Local real estate agents and others are dubious about the data that led Forbes magazine to rank Essex County as the most overpriced place to live in the country.
The magazine, which went on sale yesterday, scored Essex County at No. 1, saying it has the highest cost of living, lowest salaries, least job growth and least affordable housing.

These combined factors placed Essex County as the “most overpriced place to live,” despite its median home price of $373,750, according to the article. In comparison, San Francisco ranked No. 2 and has a median home price of $720,400; San Jose, Calif., is the third most overpriced at $746,800; and Honolulu comes in at No. 4 with $625,000.

Of course, the local chamber of commerce and real estate agents disagree, because if they didn’t they would lose business. But the listing makes sense. Real estate costs are out of this world. It’s unlikely Melanie and I will be able to buy a whole in the area, but there are lots of poor people, especially in Salem, living in overpriced tenements. Property and other local taxes are crippling, income taxes (which affect the whole state, admittedly) are ridiculous as well.

Despite the so-called anti-snobbery laws requiring so-called “affordable” housing, the reality is that this only benefits the poor, so while the rich—including the DINKs (Dual-Income No Kids) who commute into Boston every day—can afford the overpriced houses and condos and the poor can move into the 40B housing, the middle class, including young families, are forced out.
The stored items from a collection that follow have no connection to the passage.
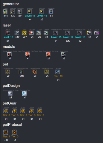 23 ПРОМЕТЕЕВ (14-16 LVL) + 9 B03 (15-16 LVL) + 1 SG3N-P01 + 36 LF4
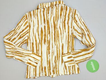 Biała koszula/bluza damska z fakturowanej tkaniny - Fason: luźny, lekko skracany przód, wydłużony tył, surowo wykończony dół - Zapięcie: na guziki z przodu - Kołnierz: stojący - Rękawy: długie, ma...
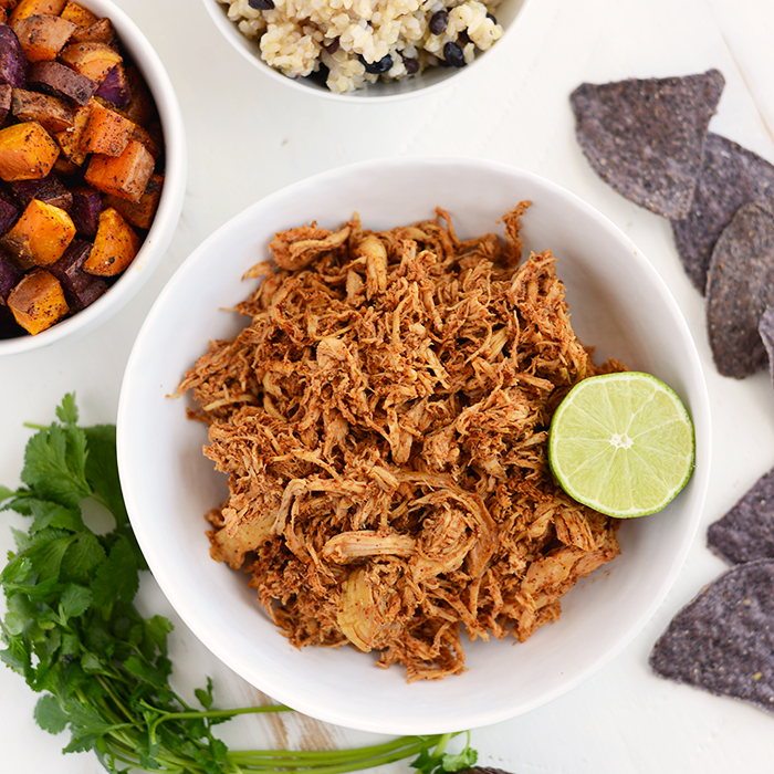 Remove lid from slow cooker and shred the chicken with two forks. Ta-da! The chicken is ready to serve!
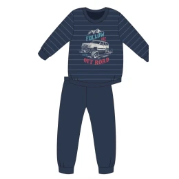 Chlapčenské pyžamo 268/124 Young Follow me Cornette - vyrobené z kvalitnej a mäkkej bavlny - tričko je tmavomodré s dlhými rukávmi - zdobené farebnou potlačou - dlhé jednofarebné nohavice majú pohodlný elastický pás Zloženie materiálu: 100% bavlna

Of course, the liberals interviewed for the story want Nanny Government to get more involved by passing more laws and regulations, missing the point that this is what is a partial cause for the problem in the first place. What they should do is reduce taxes and regulation, giving the middle class more income and reducing the burden of property ownership.

Thus, Massachusetts as a whole is a sinking ship, with more and more middle class families moving out and away, leaving a giant hole in the economy. A collapse can’t be too far away.

[Thanks to Hub Politics for the link.]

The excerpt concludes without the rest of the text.